Jan, you mentioned a class or two ago that you wondered whether you were making things too hard since there weren't that many submissions for some of the forms. My response was that I thought you were explaining things very clearly. I still think that, but some of the forms THEMSELVES are just hard.
Since there are not many poems posted yet this week--but the ones that are posted are WONDERFUL--I will post an old one of mine.
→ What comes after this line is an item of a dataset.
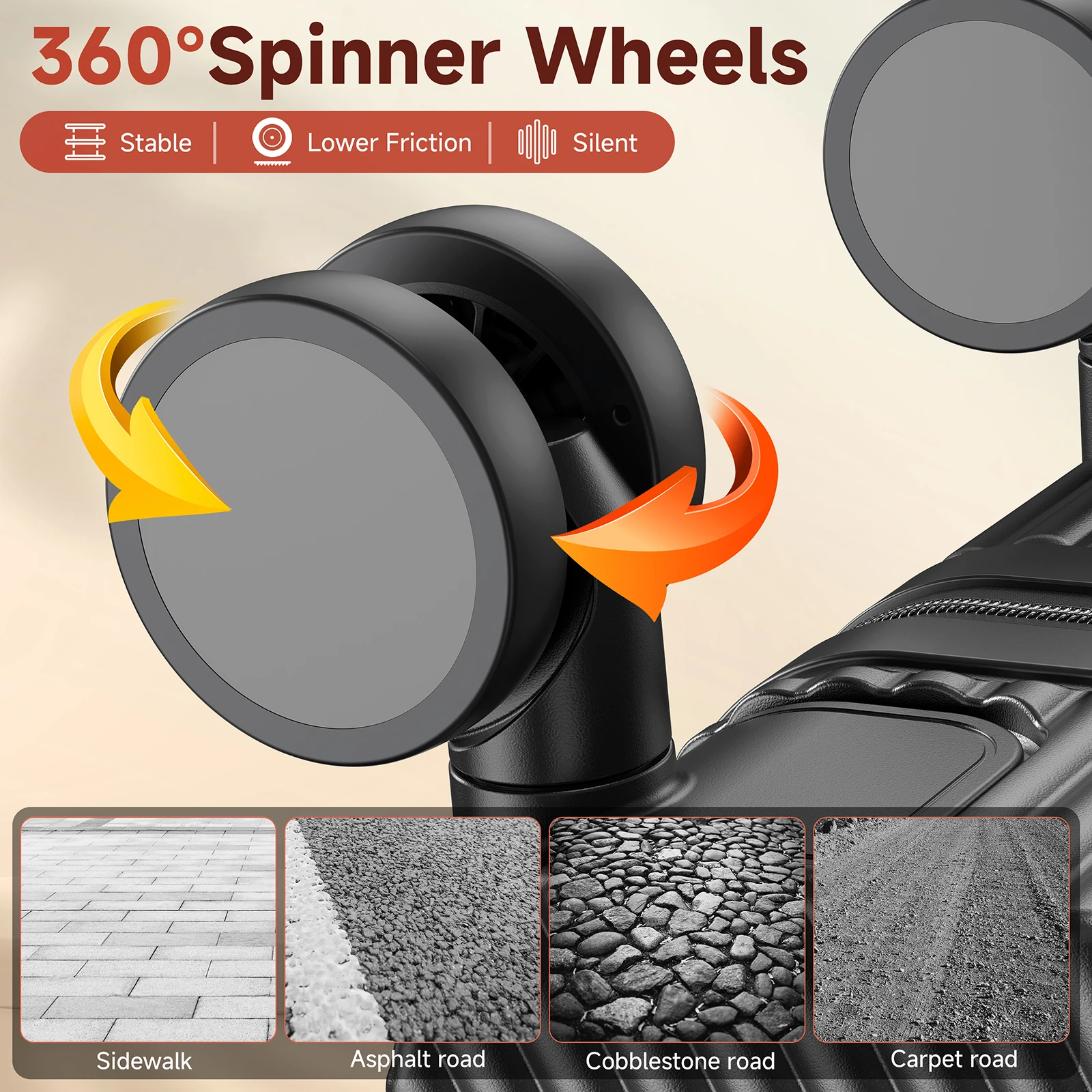 【 Other Accessories】The interior of the luggage features multiple zippered pockets for easy organization. It also features a TSA-approved combination lock and USB port, 360°Double wheels and noiseless spinner designed to increase maneuverability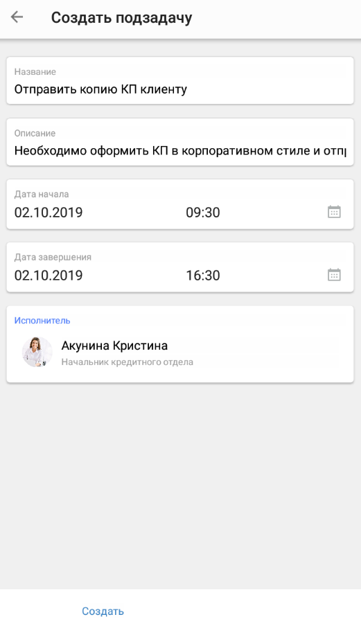 Рис. 11. Мобильное приложение "ELMA Mobile". Страница создания подзадачи

If I get time later to do a new one, I will.
In the broken record department, this is my villenelle from my old
Summerentry:
First Kisses at Thirteen (1964)
I met you at the summer’s height.
I thrilled at every bright long day
And cherished every too short night.
The maiden and her shining knight:
Sir Galahad—I’ll always say
I met you at the summer’s height.
Each day my hope of love grew bright.
At dusk two children stole away
And cherished every too short night,
Your hand found mine ’neath pale moonlight,
As much a child as on the day
I met you at the summer’s height.
One night you turned and held me tight.
’Twas then I gave my heart away
And cherished every too short night.
Next night your lips brushed mine so slight.
“O, let him kiss me more,” I prayed.
I met you at the summer’s height
And cherished every too short night.
I don't have a lot to say about how I proceeded beyond what others have said about how they proceeded: pick words with lots of rhymes!
I can add just this. If you read the Summer entry, you will see that part of what I tried to do with the cycle was make the first poem (which was the villanelle) be the longest. That put me onto the idea of the "height of summer." I couldn't use summer, bummer, dumber (!); so I switched to "summer's height" and could use all those good rhymes. The idea of days and nights gave we another word with lots of rhymes. The next biggest problem was portraying the right sense of innocence, both age-wise and stage-of-relationship-wise. Early drafts missed the mark, but I THINK the language of children/child and "lips so slight" (the reality) vs. maiden and knight/"kiss me more" (the fantasy) struck the note I was going for.